O halde sosyal medyayı en ideal şekilde kullanmak, iktidarın yalanlarına dayalı algı operasyonlarını boşa çıkarmanın ideal alanlarından biri olduğunu unutmamalıyız. Zira başka bir iletişim alanı da halihazırda görülmemektedir. Facebook, Twiter, Watsapp, Instagram , ve farklı kültür, sanat, haber gibi Web sitelerini en iyi şekilde kullanmak zorundayız.
Diğer yandan ikinci bir yol ise halkla bütünleşmek, yüz yüze görüşmek, mesajı direk anlatabilmek olmalıdır. Böylesi bir yöntemde de siyasi partilerin toplumda karşılık bulması da teşkilatlanma modellerinin yapısıyla ilintilidir.

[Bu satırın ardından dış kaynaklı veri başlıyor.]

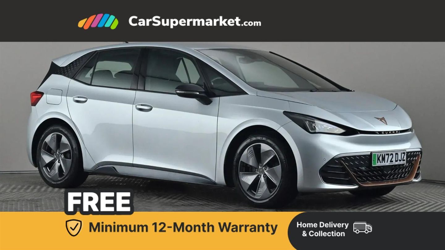 5.3" digital cockpit with 12" central display infotainment system,Bluetooth without wireless charger,Driving profile selection - Range, Comfort, Performance, Individual,Dynamic steering,Emergency steering support with turn assist,Forward collision warning with automatic braking,Front/rear park distance control,Lane assist,PAS,Tailgate,Voice assistant,Wireless full link smartphone integration,120kW DC charging capacity,Shock absorption in front,Sports rear shock absorption,2x USB sockets in front,2x USB sockets in rear, charge only,DAB (Digital Audio Broadcasting) and AM/FM radio,Acoustic windshield,Auto dimming rear view mirror,Daytime running lights,Electric adjustable/heated/folding door mirrors,Full LED headlights,Grey exterior mirrors,Heat insulated glass,LED 3rd brake light,LED rear lights,Rear side wing doors,Rear wiper,Transport protection film,Variable intermittent wiper,Welcome home function and adverse weather function,Windshield wiper with light/rain sensor,3 seat bench in 2nd row,Aluminium pedals,CUPRA emblem on steering wheel,Dual zone climate control,Electric auxiliary air heater,Heated leather wrapped multi function steering wheel,Integrated front head restraints,ISOFIX points in outer rear seats with top tether anchorage points,Manual height adjustable front seats,Multi-colour ambient interior lighting,Rear headrests,SEAQUAL Yarn cloth upholstery,Single front passenger seat,Sunvisors with illuminated mirror,Unsplit rear seat bench, split folding backrest, without centre armrest,3 point seatbelts on all rear seats,Driver and front passenger airbags with front passenger airbag deactivation, side airbag in front with curtain airbag and front interaction airbag,Extended safety system with proactive passenger protection system,Manual child lock in rear doors,Public e-call,Tiredness recognition system, driver alert system,Tyre pressure monitoring system,Visual and acoustic seat belt reminder,Anti theft alarm system with interior monitoring in cab, backup horn and towing protection,Anti theft wheel bolts,Keyless go central locking system,18" Cyclone alloy wheels,Tool kit,Tyre repair kit
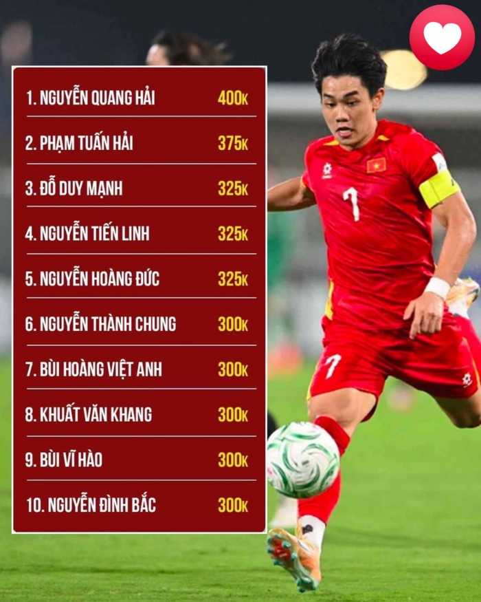 Ở chiều ngược lại, cầu thủ đắt giá nhất bóng đá Việt Nam hiện tại vẫn là Nguyễn Quang Hải. Tiền vệ sinh năm 1997 đang được Transfermarkt định giá 400.000 euro, dẫn đầu bảng xếp hạng và bỏ xa nhiều trụ cột khác của đội tuyển quốc gia. Trong suốt sự nghiệp, Quang Hải đã chứng minh giá trị đặc biệt của mình, từng được đồng đội Bùi Tiến Dũng ví là mẫu cầu thủ "100 năm bóng đá Việt Nam mới có một".

Toplum, yıllarca algı operasyonlarıyla "kandırıldık" diyen bir iktidarın yalanlarından bıkmış güvenilir, sevilen, emin olunan donanımlı kişileri karşısında görmek istemektedir. Dolayısıyla kasırga gibi karşısına çıkan her şeyi yutan iktidara karşı tabandan tavana kadar teşkilatlar topluma mal edildiği oranda yani parti içi demokrasi tam anlamıyla uygulandığında vatandaş partisine, il ya da ilçesindeki teşkilatına sahip çıkacaktır.
İktidarın antidemokratik hegemonyasını kırmanın yolu yumuşak güç olan demokrasiyi içselleştirmekten, partinin teşkilatlarına, kurullarına uygulamaktan geçer. Eğer toplumu yanınıza alamazsanız zaten başarılı olamazsınız. Toplumla bütünleşme de toplum iradesinin bu yapılarda tam anlamıyla uygulanmasıyla ancak mümkün olabilmektedir.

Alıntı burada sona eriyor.